As we’re falling asleep Daniel says, “Wow, you know something?  Thru hiking must be a mix of being captain of your own ship and having a positive attitude…you do what you can, but you also accept things that are outside your control”.  I think that’s a pretty good way to put it, a main theme of a thru hike.

The relaxed attitude influences me and I let us sleep in the next morning.  Eventually I get up and start encouraging Daniel- ha.  I pull his sleeping bag off and he rolls over and mutters, “Aaaah…….gotta……eat……”  I laugh and laugh about that.  Eating, the one thing that will get him moving again.
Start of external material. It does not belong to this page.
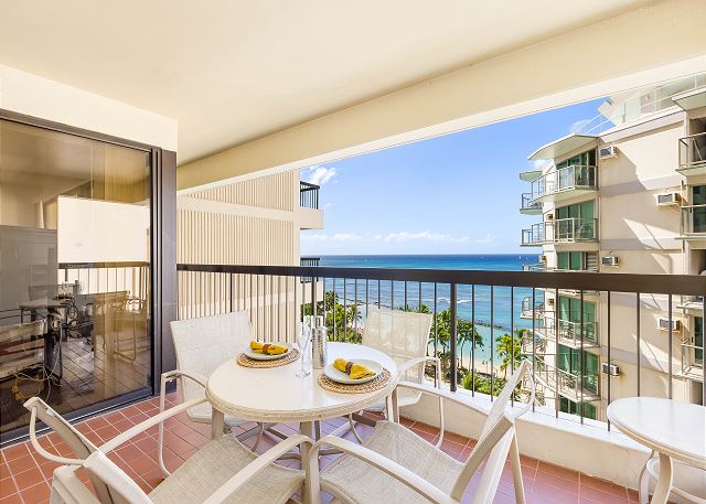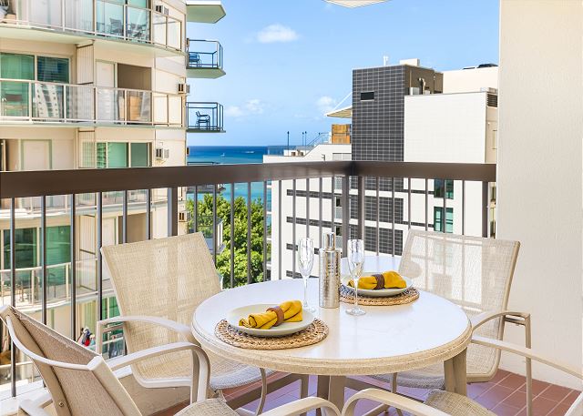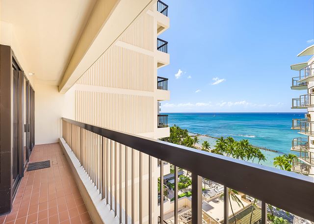 8階/ 2ベッドルーム/ 2バス/パーシャルオーシャンビュー/ 広めのラナイ/ フルキッチン/バスタブ/ エアコン/ 無料室内Wi-Fi付き *

We hike 10 miles Saturday with many breaks along the way.  At lunch Daniel’s still feeling good, and we tell other hikers we’re shooting for a 20 mile day.  Then we get moving again.  I’ve come to find that’s when it usually hits, right at mile 11.  All the sudden Daniel starts to feel blisters on his feet and the exhaustion of having hiked all day.  He notes this with cheerful commentary:  “Starting to lose the spring in my step” and “My pace is really starting to degrade!”  All said with a chuckle.  After a while we modify our plans, after I realize part of his motivation is wanting to beat out Becka: “I can’t believe your friend did 18, that bugger!  I’m going for a high score, most miles hiked with Katie!”  In the end, we camp at 17 miles, nothing to scoff at, especially for someone who hasn’t backpacked for months.
Before we get to camp,we take a brief rest break at Daniel’s insistence.  Really, I’m ready for a break too, but I like to tease him and penetrate that ever constant calm attitude sometimes.  I say, “You don’t need a break, do you?”  At this point he’s stumbling along, the sole on one of his shoes half falling off so it drags behind and half trips him every third step.  He says, “Katie, just let me take a 20 minute nap and you will not regret it!”  I find this promise hilarious.  I say, “What about the bugs, it’s so buggy here?!”  He says acceptingly, “They can just bite me” and I know he must be really tired.  Then he thinks and says, “I’ll wear my frog toggs!  That’ll get ’em!”  So he proceeds to don the full suit (“I love my frog toggs!  Wait until I tell Dad about these!”) and lay down right on the earth, no mat or anything.  He’s out cold.  We’re right near to the path to a shelter, so multiple hikers pass by in the next 20 minutes and say things like, “That guy’s dead” and “Something happened to him!”  It’s amusing to watch.  At 20 minutes, Daniel sits up again, ready to go.  Frankly, I’m amazed.  A 20 minute nap wouldn’t cut it for me, and I was just gearing up to have to rouse him back to life.

So we camp that night and turn in early because Daniel’s practically a zombie.  The next morning we hike in to town, a mere 8 miles.  We call home (family to meet us in town), and Daniel tells Mom of his condition with the blisters.   Mom expresses much empathy.  Later we take a break and he says, “Maybe tonight when I get home I can dig the wheelchair out of the barn, and Mom can wheel me around in it.”  So whupped he’s looking forward to some time as an invalid.

All in all though,  I think our trip is a great success.  When we meet family a few hours later, Daniel has many stories or comments about the weekend for Grandma and Pop.  He gets some more empathetic attention from them, and I think in spite of too many miles, he’s still happy with the trip.

After a night at home, Daniel is almost good as new.  Really, better than before, because who can spend time out in nature, and with family, without being a bit better for it?